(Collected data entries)

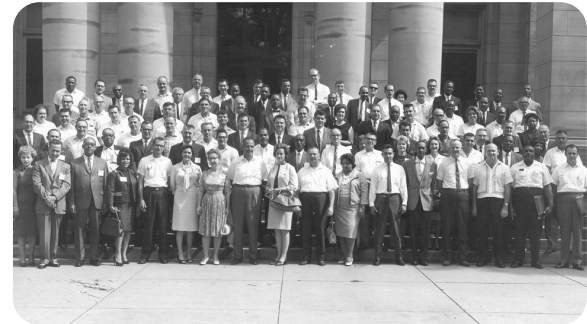
Building on Over 60 Years of Labor Education to Inspire Next Generation Leadership
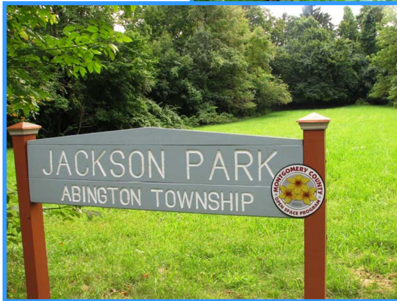
Above and Right - Meadow and woodland areas of Jackson Park
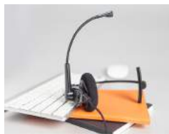
Galaxy Pro Monaural
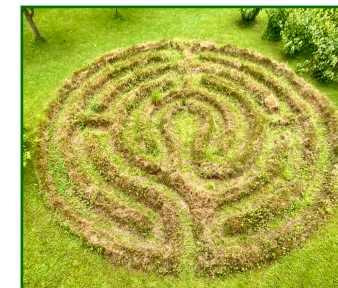
The full size version of this Labyrinth at The Northumbria Community Acton, Northumberland

See if there is any path of pain I'm walking on, and lead me back to your glorious, everlasting way— the path that brings me back to you
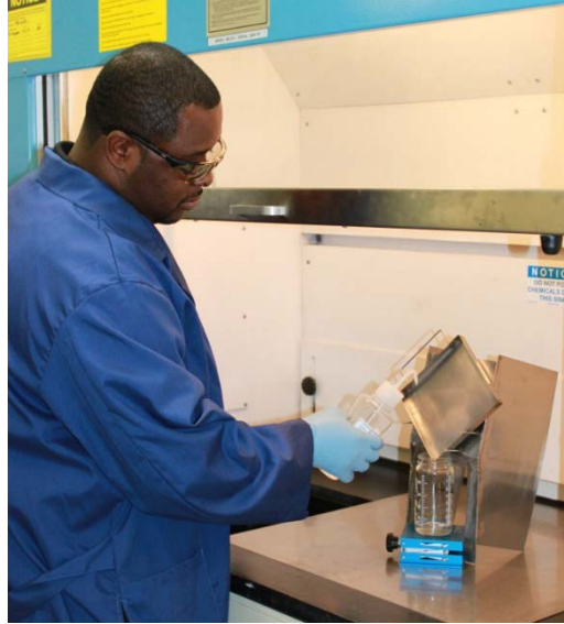
Figure 5 - Configuration to flush a test panel for the NVR removal efficiency test.

The NVR contaminants used to challenge the candidate solvents were:
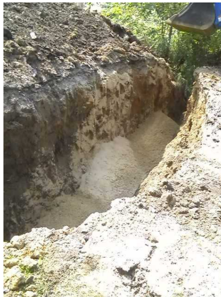
UYC Culvert Project
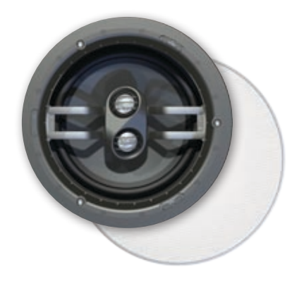
Packaged in Pairs with Round MicroThin™ Grilles

For surround effects in multi-channel home theater applications
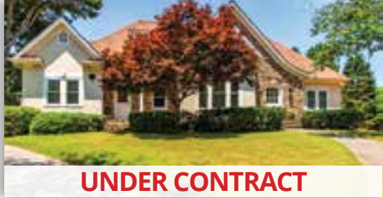
3060 Cabernet Court
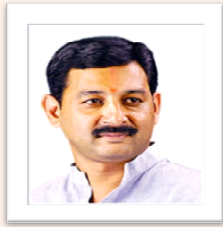
Shri Yuraj Sambhaji Chhatrapati Kolhapur, Vice-President, AISSM Society
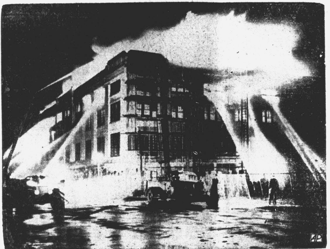
Damage estimated at $500,000 was done by fire which swept a portion of the million dollar armory-auditorium in Atlanta, Ga. Firemen battle the conflagration as flames and smoke leap from windows and roof. Col. T. L. Alexander, commander of the 179th Field Artillery, an aid army equipment valued at $150,000 to $200,000 was destroyed. Mayor W. B. Harrisfield estimated damage to the building at $350,000.
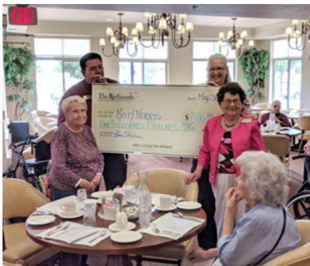
Referral checks a-flying at The Rio Grande.
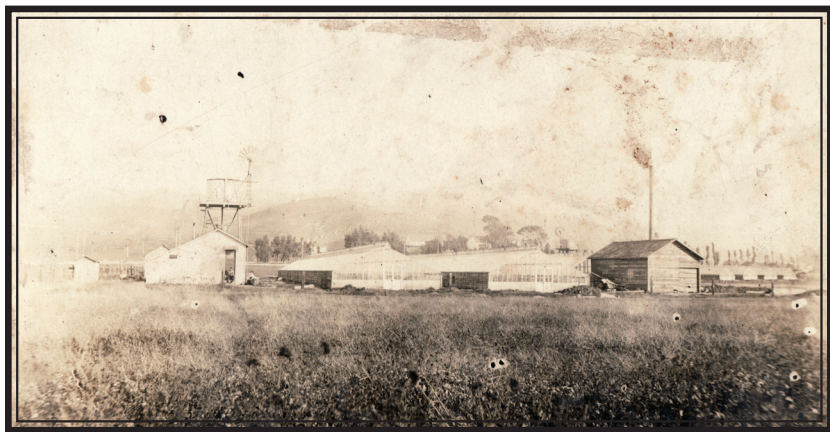
Early photo of Richmond greenhouses, pre-war.

This exhibit, One Small Story, is a visual presentation of Richmond's story of the cut flower industry owned and operated by Japanese American families for over 100 years. As early as 1906

Exercise brief —
Please report only the count of lines in the entries above where the word "Richmond" appears.

Answer below —
2